**TASK OBJECTIVE**
Tally the lines of the records that contain the string "prepared", then give the total and nothing more.

**Recorded data**
○ ○ ○

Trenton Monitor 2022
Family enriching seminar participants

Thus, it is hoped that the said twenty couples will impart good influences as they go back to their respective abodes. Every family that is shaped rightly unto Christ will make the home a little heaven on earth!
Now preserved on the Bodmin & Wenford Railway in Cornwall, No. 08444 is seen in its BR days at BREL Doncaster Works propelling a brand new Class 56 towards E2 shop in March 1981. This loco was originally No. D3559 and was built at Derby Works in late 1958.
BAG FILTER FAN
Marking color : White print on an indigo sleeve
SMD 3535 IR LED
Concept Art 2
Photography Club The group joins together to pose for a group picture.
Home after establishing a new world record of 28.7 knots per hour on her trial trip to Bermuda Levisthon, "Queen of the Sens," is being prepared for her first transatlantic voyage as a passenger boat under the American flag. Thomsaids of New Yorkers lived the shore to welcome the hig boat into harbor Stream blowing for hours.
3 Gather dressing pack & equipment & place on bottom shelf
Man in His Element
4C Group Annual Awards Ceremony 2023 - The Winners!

○ ○ ○

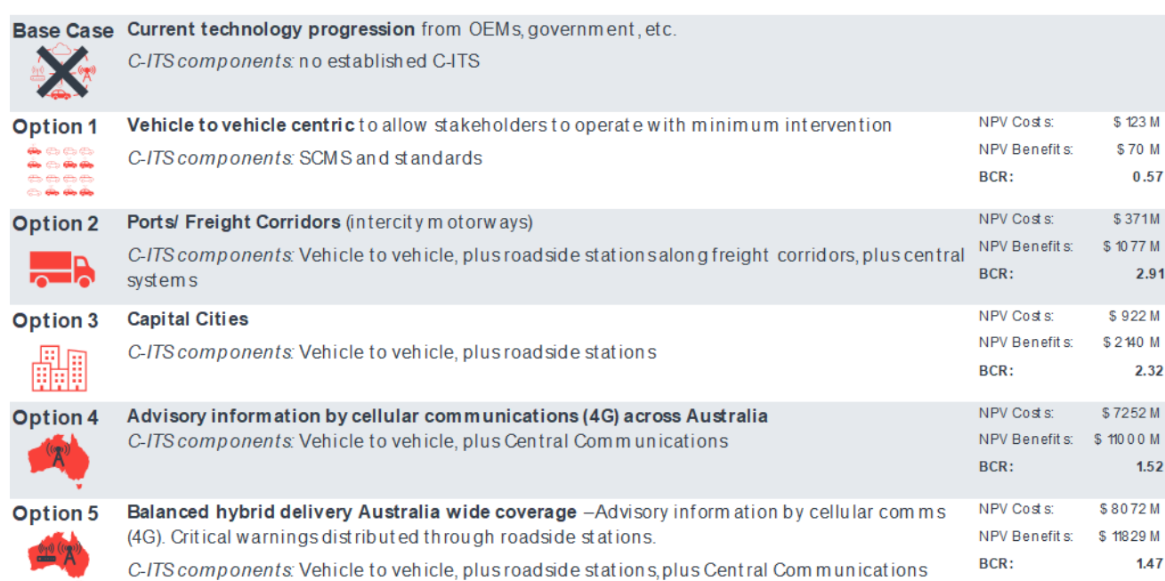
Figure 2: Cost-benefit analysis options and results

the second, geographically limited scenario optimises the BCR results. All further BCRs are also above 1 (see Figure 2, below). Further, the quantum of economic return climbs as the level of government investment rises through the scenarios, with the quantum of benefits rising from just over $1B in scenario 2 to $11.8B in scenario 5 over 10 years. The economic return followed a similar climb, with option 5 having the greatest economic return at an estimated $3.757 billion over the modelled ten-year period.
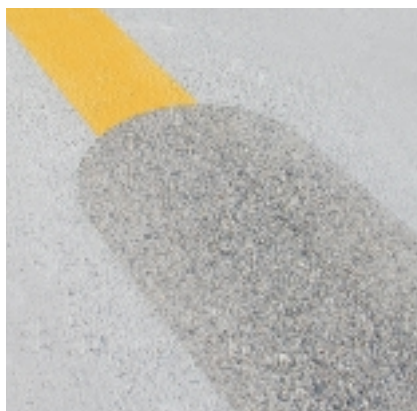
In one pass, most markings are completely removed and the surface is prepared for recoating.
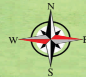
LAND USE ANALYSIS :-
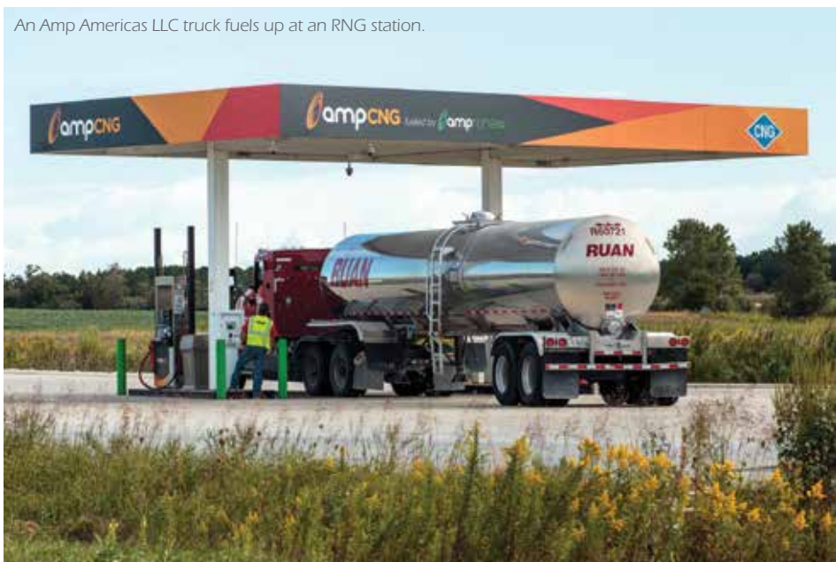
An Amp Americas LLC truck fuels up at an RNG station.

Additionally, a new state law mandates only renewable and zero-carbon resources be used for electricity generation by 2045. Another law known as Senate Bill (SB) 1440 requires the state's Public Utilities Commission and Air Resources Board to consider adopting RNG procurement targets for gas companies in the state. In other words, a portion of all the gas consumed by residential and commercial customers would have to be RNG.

○ ○ ○

**TASK RESULT**
2